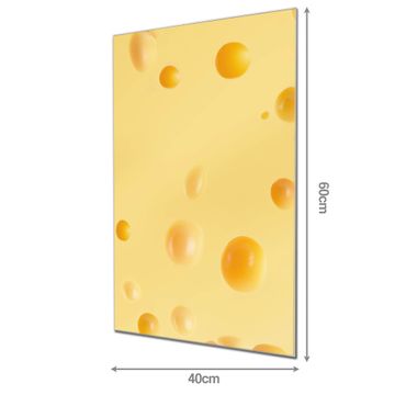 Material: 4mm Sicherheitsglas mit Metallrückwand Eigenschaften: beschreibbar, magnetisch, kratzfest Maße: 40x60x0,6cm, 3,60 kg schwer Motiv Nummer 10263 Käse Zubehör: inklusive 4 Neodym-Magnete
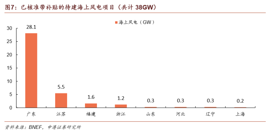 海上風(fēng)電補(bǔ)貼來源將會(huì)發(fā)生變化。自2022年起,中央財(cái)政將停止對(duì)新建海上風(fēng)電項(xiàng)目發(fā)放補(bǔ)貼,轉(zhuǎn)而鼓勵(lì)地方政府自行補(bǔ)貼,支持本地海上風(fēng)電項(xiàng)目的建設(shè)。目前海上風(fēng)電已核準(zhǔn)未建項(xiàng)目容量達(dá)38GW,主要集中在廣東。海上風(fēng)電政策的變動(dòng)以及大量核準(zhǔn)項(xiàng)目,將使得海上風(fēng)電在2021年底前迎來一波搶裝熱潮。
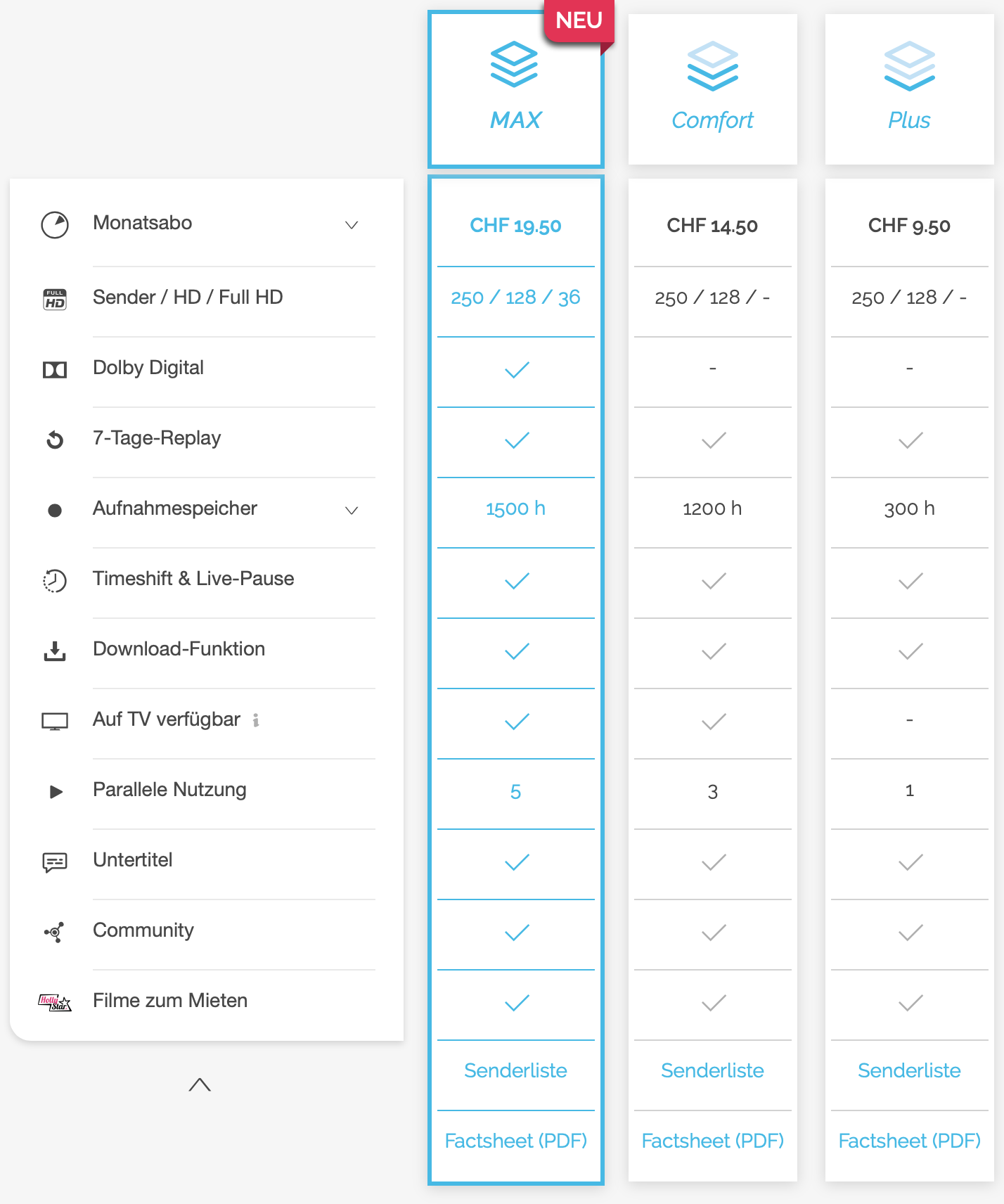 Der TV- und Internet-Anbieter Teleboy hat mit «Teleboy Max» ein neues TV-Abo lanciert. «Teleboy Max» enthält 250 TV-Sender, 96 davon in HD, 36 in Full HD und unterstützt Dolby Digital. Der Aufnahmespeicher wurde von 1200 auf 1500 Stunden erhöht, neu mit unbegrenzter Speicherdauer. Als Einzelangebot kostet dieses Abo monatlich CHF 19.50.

**TO DO:** Each line from the first line of the listing through the line with "海上風(fēng)電補(bǔ" must be printed exactly, both ends included, and no picture may appear.

**RESULT FOR THIS TASK:**
 Material: 4mm Sicherheitsglas mit Metallrückwand Eigenschaften: beschreibbar, magnetisch, kratzfest Maße: 40x60x0,6cm, 3,60 kg schwer Motiv Nummer 10263 Käse Zubehör: inklusive 4 Neodym-Magnete
 海上風(fēng)電補(bǔ)貼來源將會(huì)發(fā)生變化。自2022年起,中央財(cái)政將停止對(duì)新建海上風(fēng)電項(xiàng)目發(fā)放補(bǔ)貼,轉(zhuǎn)而鼓勵(lì)地方政府自行補(bǔ)貼,支持本地海上風(fēng)電項(xiàng)目的建設(shè)。目前海上風(fēng)電已核準(zhǔn)未建項(xiàng)目容量達(dá)38GW,主要集中在廣東。海上風(fēng)電政策的變動(dòng)以及大量核準(zhǔn)項(xiàng)目,將使得海上風(fēng)電在2021年底前迎來一波搶裝熱潮。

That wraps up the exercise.